Serve with crusty warm bread and Portuguese Albarinho Verde - White Wine ...  

Translated by: Margaux Cintrano.


----------



## Harry Cobean (May 12, 2012)

good morning margi
another wonderful recipe! amazing how regional dialects/pronunciations vary.i had a girlfriend who lived in the macarena area of seville...a beautiful part of a beautiful city.she pronounced it choh(short)ree(as spelt)thoh(short)
and,trust me margi,she knew a thing or two about sausage
right i'm off to visit bolas,do some gardening,stroll around my home town-the beautiful roman city of chester(10 minutes from bolas's),eat good food & generally make merry!
enjoy your weekend
harry


----------



## Margi Cintrano (May 12, 2012)

*Harry: Portuguese and Spanish*

 Good Afternoon Harry,

Firstly, I hope that you and Bolas are having a phenomenal day catching up. 
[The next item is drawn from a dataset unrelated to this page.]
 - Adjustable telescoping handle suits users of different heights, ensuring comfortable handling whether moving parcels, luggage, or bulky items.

In Spanish SAUSAGE is CHOR IZ O ( pronounced as chore iz o ); and as you know Zeta ( pronounced seta; is not a Zed in Spanish); it is sort of a cross between and S and a lispy TH ... 

Though I had learnt my Spanish in Uruguay and Mexico, so it is an S sound which has no lispy sound ... CHOR IS O ( like your Sevilliana lady )
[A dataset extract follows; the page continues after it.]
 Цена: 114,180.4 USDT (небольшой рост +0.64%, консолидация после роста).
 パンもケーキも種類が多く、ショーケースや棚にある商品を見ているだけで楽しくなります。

Sevilla is lovely place to visit ... I have Italian Swiss friends who live there. 

However, this recipe is Portuguese, and thus, the pronounciation is different, though similar ... 
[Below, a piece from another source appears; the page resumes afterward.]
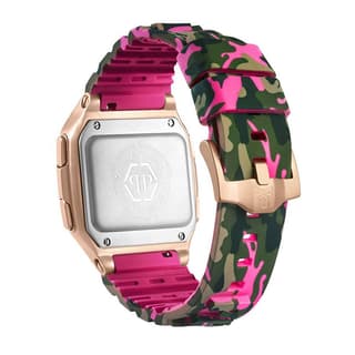 ساعت فیلیپ پلین PWHAA1622 با طراحی دیجیتال و قاب مستطیلی مدرن، نمایانگر جسارت و نگرش متفاوت این برند به دنیای ساعتسازی است. صفحه دیجیتال با جلوهای اسپرت و جزئیات برند، در کنار طراحی پرانرژی قاب و بند ، هویتی منحصربهفرد به این مدل میبخشد. این ساعت از موتور کوارتز دیجیتال بهره میبرد که دقت بالا و امکانات متنوعی چون آلارم، تقویم روزانه، کرنومتر، تایمر، ساعت جهانی و نور پسزمینه را ارائه میدهد و تجربهای کامل و کاربردی برای استفاده روزمره فراهم میسازد. شیشه مینرال سختشده مقاومت خوبی در برابر خطوخش ایجاد کرده و مقاومت در برابر آب تا عمق ۵۰ متر باعث میشود ساعت در برابر شرایط روزمره مانند شستوشوی دست یا قرار گرفتن زیر باران، انتخابی مطمئن باشد. طراحی خاص قاب و جزئیات برند روی بند، ظاهری اسپرت و مدرن به ساعت میبخشند و در مجموع، Philipp Plein PWHAA1622 انتخابی است برای کسانی که میخواهند ترکیبی از استایل جسورانه، امکانات دیجیتال متنوع و دوام بالا را در یک ساعت شخصیتساز تجربه کنند.
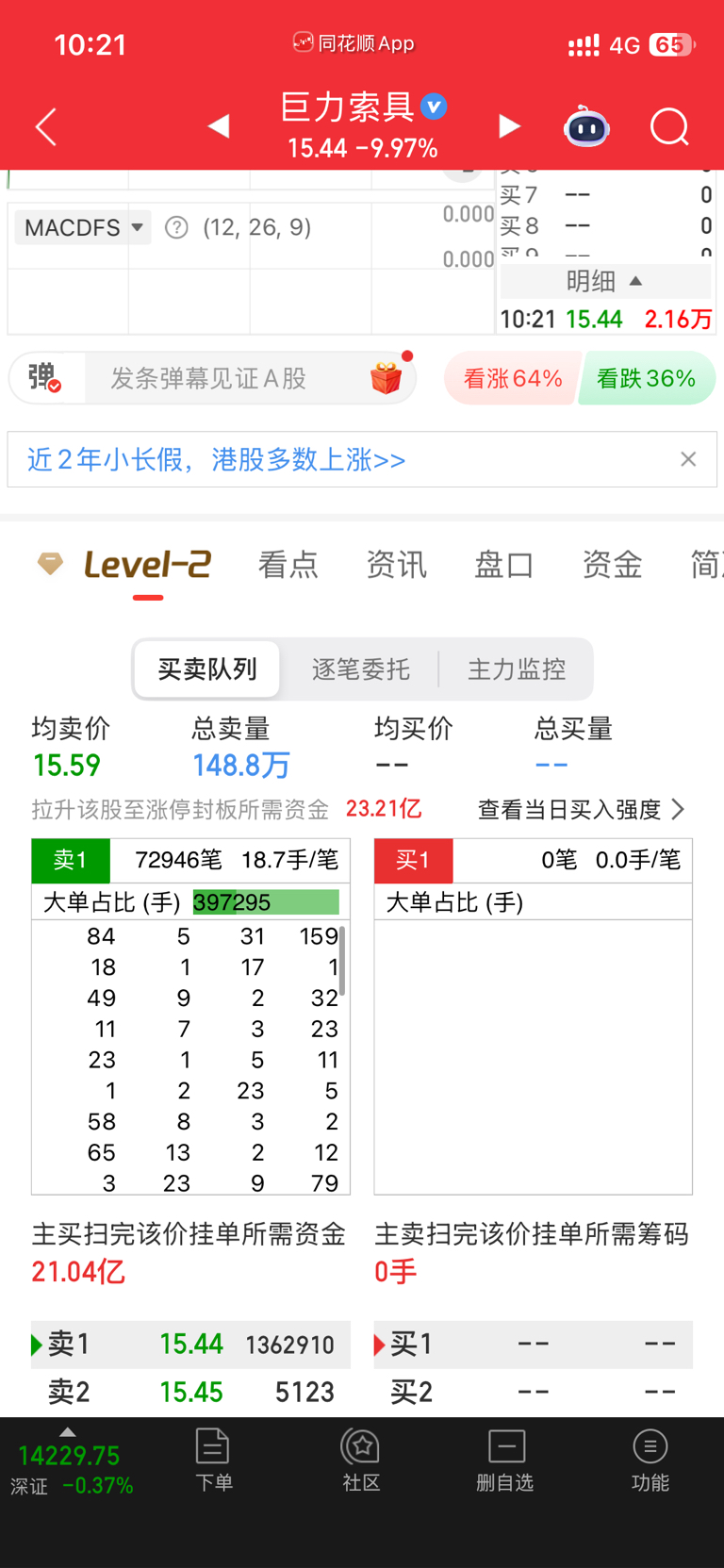 自己看挂单的都是小单,我们不要自己压自己了,主力刚刚已经吃掉10万手了

Bread risotto is a common dish in Portugual and it is actually the Portuguese interpretation of the Italian Risotto. Having been such a poor country with little resources, to fill up their tummies, they had put bread in their soups like their pastoral ancestors still do ... 

Thanks for feedback. 
Have nice wkend. 
Margi.


----------